Een erg grote naam heeft Reks niet in de hiphopwereld, maar dankzij zijn debuutalbum Along Came The Chosen (2001) heeft hij wel mogen toeren met onder anderen Ghostface Killah, Rakim, Big Daddy Kane en zijn idool KRS-One. In de tijd tussen zijn debuut en de opvolger, Grey Hairs, heeft Reks een aardig netwerk van contacten opgebouwd. Zo leveren DJ Premier en Large Professor beiden een beat en komen gastoptredens van onder meer Lil’ Fame, Big Shug en Termanology. De producer Statik Selektah, die op Reks debuut ook al een beat leverde, is het prominentst aanwezig.
De stempel die Statik Selektah op het album Grey Hairs drukt, weegt echter niet al te zwaar. Dat hij de helft van de producties op zijn naam zet, zorgt voor een eensgezind geluid, omdat Statik vooral bedreven is in het authentiek laten klinken van beats. Tel daarbij de beats van veteranen die graag trouw blijven aan het oude hiphopgevoel op en je hebt een vers en ouderwets klinkend album in handen.
Want ook Reks lijkt graag een beetje in het verleden te leven. Neem bijvoorbeeld All In One (5 Mics), waar hij met behulp van de immer onbeholpen schreeuwende Lil’ Fame (die van M.O.P.) een aantal legendes laat herleven. Zo rapt hij stukjes in de stijl van Big Pun, Big L, The Notorious B.I.G. en 2pac. De ode aan de overleden grootmachten is aardig bedoeld, maar kan toch niet echt imponeren, omdat Reks duidelijk het charisma en de swagger van zijn idolen mist.

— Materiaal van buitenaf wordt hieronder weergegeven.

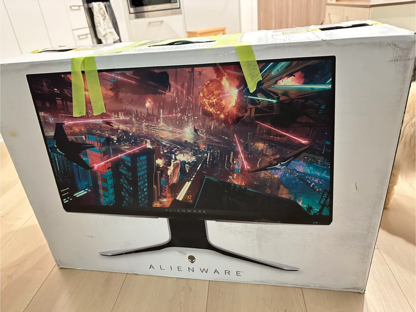 It comes with the original box. Has tiny scratch on the left bottom corner of the screen but not visible when using. Free-Sync,G-SYNC compatible 240Hz, 1ms
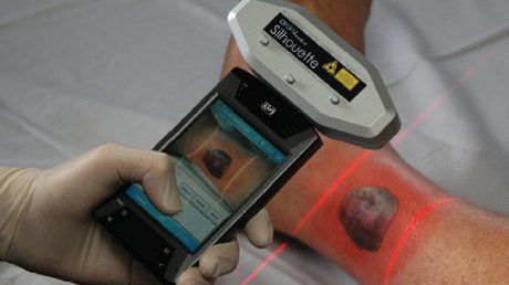 Do tej pory leczenie ran skóry opierało się na obserwacji wzrokowej jej zmian przez lekarza. To już jednak przeszłość. Oto Silhouette Mobile firmy ARANZ Medical. Przenośna kamera za 6000 dolarów, którą można wygodnie sprawdzać stan skóry pacjenta. Kamera „patrzy” zarówno na powierzchnię skóry jak i zagląda pod nią. Szybki skan zranionego miejsca pozwala nie tylko określić długość i szerokość rany, ale także jej głębokość. Wszystko bezdotykowo.

Hij komt beter uit de verf als hij zichzelf begint te prijzen, vertelt over zijn leven, of af en toe een kritische noot over de maatschappij of politiek laat vallen. Dat brengt hij in de praktijk op Say Goodnight, met een fijne en vervaarlijk klinkende beat van DJ Premier. Dit is samen met de fanatiek gerapte titeltrack, waar het album mee geopend wordt, een van de betere nummers.
Dat Grey Hairs oude tijden op een overwegend positieve manier doet herleven, is mede te danken aan het frisse scratchwerk en de leuke stemsamples van belangrijke figuren uit de laatste hiphopjaren. Het grappige is dat de meeste hergebruikte zinsnedes van redelijk recente tracks zijn genomen, in plaats van dat de quotes uit lang vervlogen tijden dateren. Dat zorgt, in samenwerking met de wat ouderswetse – op de juiste manier: dus niet té kaal en simpel, maar vooral ook niet te ‘gemaakt’ en overdreven – beats, voor een portie hiphop die lekker op de maag ligt.
Maar Reks is geen persoon die exclusieve hapjes serveert, hij houdt zijn hiphop het liefst zo dicht mogelijk bij de basis. Zo heeft hij het meestal over het leven op de straat, zijn eigen muzikale kwaliteiten of zijn levensopvattingen. Dat heeft als resultaat dat hij geloofwaardig overkomt en zichzelf ook niet voorbij streeft. Je krabt jezelf dan ook maar zelden achter de oren bij het luisteren naar Grey Hairs.
Maar die soort gereserveerdheid, het achterwege houden van al te gewaagde dingen, heeft ook als resultaat dat de plaat weinig hoogtepunten kent. Er zijn gelukkig ook geen noemenswaardige dalen, maar een lange reis over vlak landschap gaat op den duur toch vervelen. En zo is een twintigtal Reks-tracks op een plaat toch wel een erg grote dosis.
Natuurlijk, zijn stem klinkt op een fijne manier venijnig, de beatkeuze is prettig, het ligt allemaal lekker in het gehoor én de teksten mogen er wezen, maar toch weet Reks niet voortdurend te boeien. Het is pijnlijk te constateren, maar Reks heeft zich simpelweg teveel in het zweet gewerkt om deze plaat tot een echt succes te maken. Had hij iets beter gefilterd, dan had hij wellicht met een neo-klassieker kunnen komen. Nu blijft het voor Reks helaas bij ‘slechts’ een welkome onderbreking tussen alle platen die iets nieuws zouden toevoegen aan de hiphop die al bestond.